Well P-Fury I really want to plant my 180g. Iv'e been inspired by alot of the tanks on here and most recently ryanimpreza's impressive 180g planted Rhom setup.

I have been searching the net for so long now for lighting options. I'd really like to take a thrifty approach to this (as we all do) But I understand lighting is no area to cheap out on. So i'm thinking of rigging up a good DIY system and building a hood for the 180g and mounting it all in.

One option I considered was getting 6x 96watt bright kits from AH Supply and that's a little over 500$ (plus building the hood)

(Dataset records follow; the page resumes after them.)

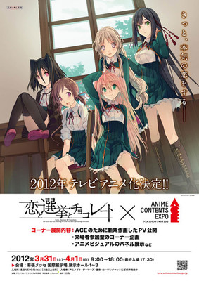 The official website for the television anime adaptation of sprite/fairys' Love, Election, & Chocolate (Koi to Senkyo to Chocolate) adult game began streaming a 90-second promotional video on Sunday. The same video ran at fairys' booth at Anime Contents Expo this past weekend.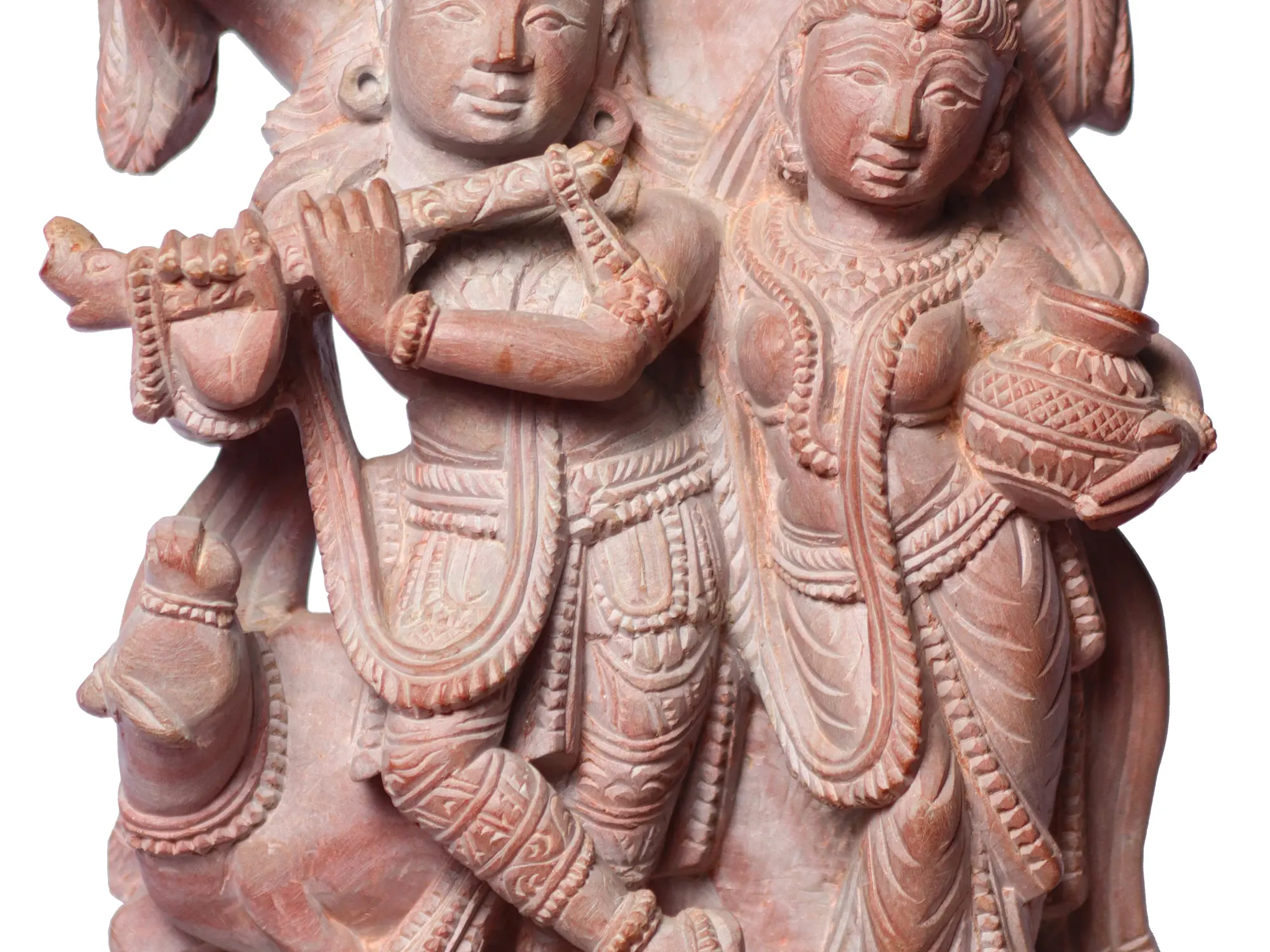 The Lord Radha Krishna is a mesmerizing pink stone statue that captures the divine love between Radha and Krishna. Lord Krishna, the divine flutist, and Radha, the epitome of devotion, stand together in eternal love. Their eyes meet with a deep understanding of their divine connection. This sculpture serves as a reminder of the sacred union of love and spirituality, inspiring us to seek the divine within ourselves and in our relationships. It symbolizes the eternal dance of love that transcends all boundaries and elevates the soul to higher realms of bliss and unity.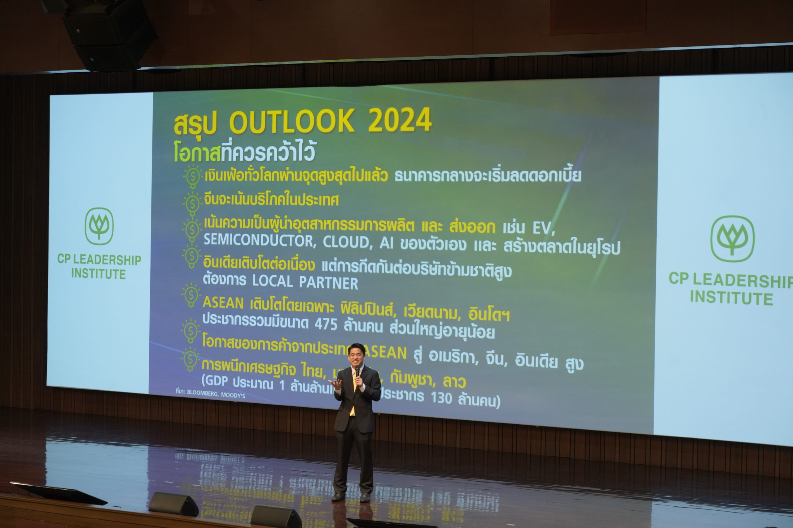 ด้าน ดร.ธีระพล ถนอมศักดิ์ยุทธ ประธานผู้บริหารยุทธศาสตร์ข้อมูลและการสื่อสาร และประธานผู้บริหาร ด้านความยั่งยืนองค์กรและการพัฒนากลยุทธ์ เครือเจริญโภคภัณฑ์ ได้แลกเปลี่ยนมุมมองและแนวคิดเพื่อพัฒนาไปสู่ยุค 5.0 ว่า หลังจากสถานการณ์โควิด โลกอยู่ในช่วงการปรับสมดุลใหม่ ซึ่งมีประเด็นความเสี่ยงที่ต้องจับตา อาทิ สงครามที่มีความยืดเยื้อในยุคโลกหลายขั้ว และการรวมประเทศเพื่อการเเข่งขัน ซึ่งหากวิเคราะห์ตามภูมิรัฐศาสตร์ จะเห็นว่าทิศทางในปี 2024 มีเหตุการณ์ทางการเมืองสำคัญหลายเหตุการณ์ เช่น ความขัดแย้งที่ส่งผลกระทบในด้านต่าง ๆ ทั้งด้านเศรษฐกิจ สังคม ส่วนด้านเทคโนโลยี เป็นยุคที่เทคโนโลยีทำให้เกิดการเปลี่ยนแปลง แบ่งคนเป็น 2 ประเภท คือคนใช้เทคโนโลยี กับคนถูกเทคโนโลยีเเทนที่ ดังนั้นภาคธุรกิจจึงต้องมีการปรับตัวทุกด้าน ตั้งเเต่พลังงานสะอาด เทคโนโลยีอัจฉริยะ และความยั่งยืน นอกจากนี้ ยังต้องตระหนักถึงปัญหาอาชญากรรมทางไซเบอร์ และสุดท้ายการพัฒนาคน ดังนั้นการทำกิจกรรมเวิร์กชอประดมความคิดร่วมกันของคณะผู้บริหารระดับสูงกองบัญชาการกองทัพไทยครั้งนี้ จะนำมาซึ่งความเห็นใหม่ ๆ และแผนการพัฒนาอย่างเป็นรูปธรรม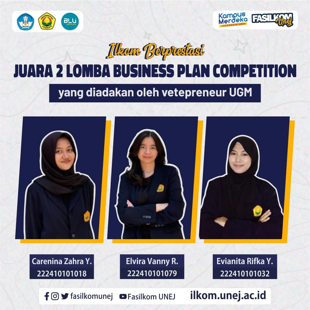Tim dari Fasilkom UNEJ yang beranggotakan 3 mahasiswi kemarin berhasil memenangkan juara 2 Lomba Business Plan Competition yang diadakan oleh Vetepreneur UGM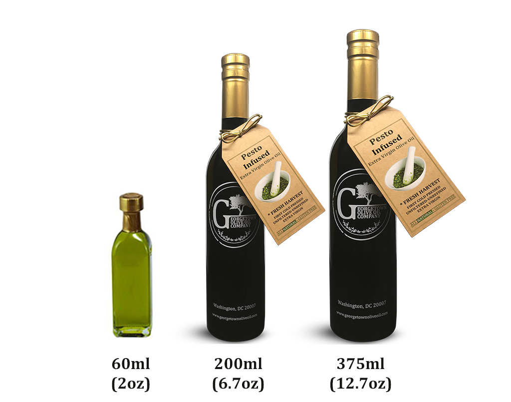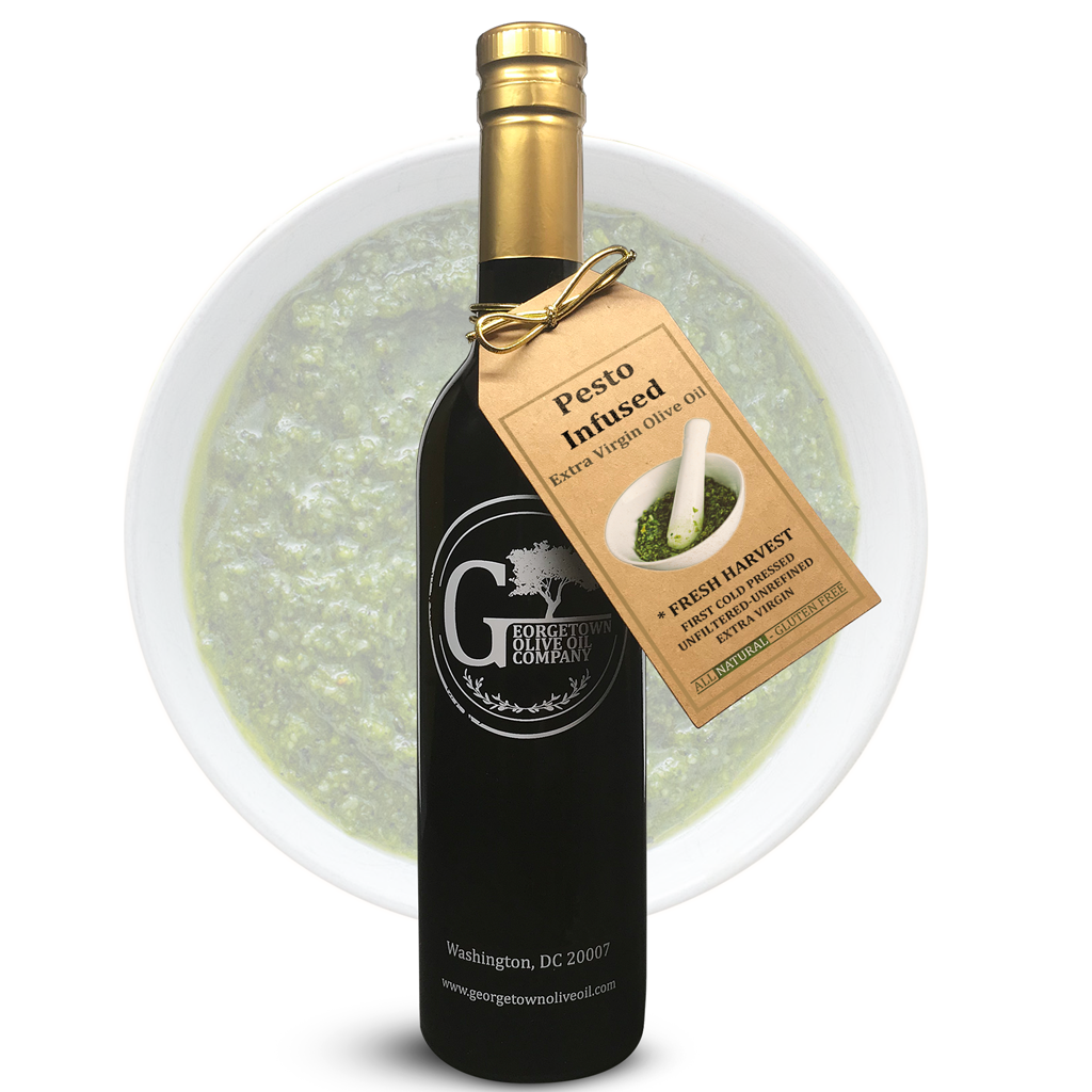 PESTO Infused | High Polyphenols Extra Virgin Olive Oil is jam-packed with fresh basil, parmesan cheese, and a touch of garlic. It’s perfect for pasta, drizzled on a homemade Foccacia, white pizza, Caprese salad, grilled eggplant, or even just as a snack for bread dipping.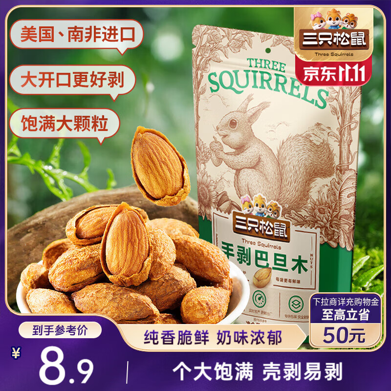 三只松鼠手剥巴旦木 每日坚果干果炒货休闲零食扁核桃120g/袋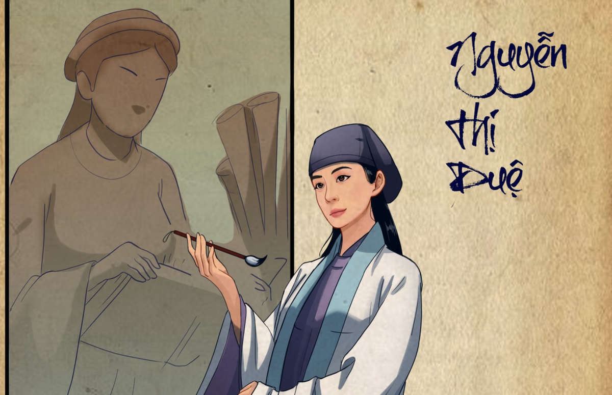 Tranh vẽ bà Nguyễn Thị Duệ. (Ảnh: Sách Những người thầy trong sử Việt)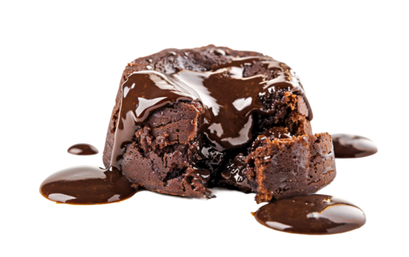 Happy woman enjoying delicious chocolate muffin on transparent background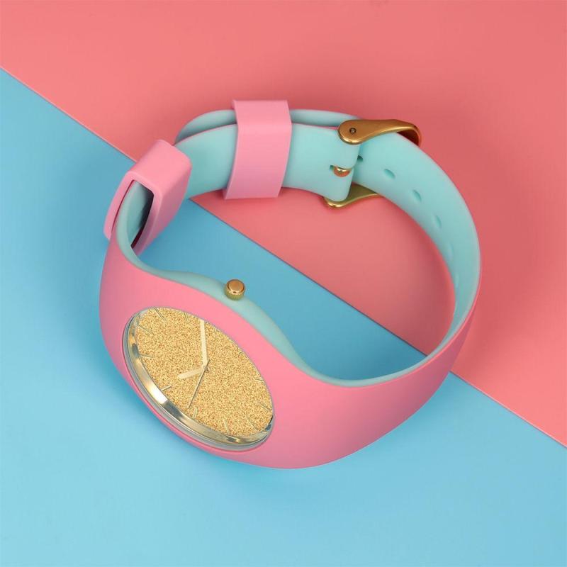 Unissex Silicone Relógio Gravável 41mm Pulseira Rosa e Azul - Dourado

Another option is going with T5 HO's but I can't find anything decent on that subject at all.

Last option, and one I favour the most is metal halide. I think 3x 150watt Metal Halides would be nice maybe with 2-6700K and 1-10000k bulbs. I should be able to find these used around somewhere. Or else I might have a crack at building my own those industrial flood lights and swapping out the halogens.

What do you feel is the best option?

I have successfully kept a planted aquarium in the past and I really enjoyed it. I'd like to do again on this much larger scale with some bigass pygos in the mix.


----------



## maknwar (Jul 16, 2007)

I would go with T5's but AH Supply has some good lighting. I have the 4x55 kit on my 75 gallon, and I like it. Metal Halides are expensive, so unless you want to pay more, go with something that uses less electricity.

Here is a thread by seedlessone discussing T5 lighting. http://www.piranha-fury.com/pfury/index.php?showtopic=175096


----------



## Sheppard (Jul 8, 2004)

Ya I like the AH supply lights for sure. 
I saw on Aquatraders a 72" PC unit putting out 384watts which is ideal for my 180g.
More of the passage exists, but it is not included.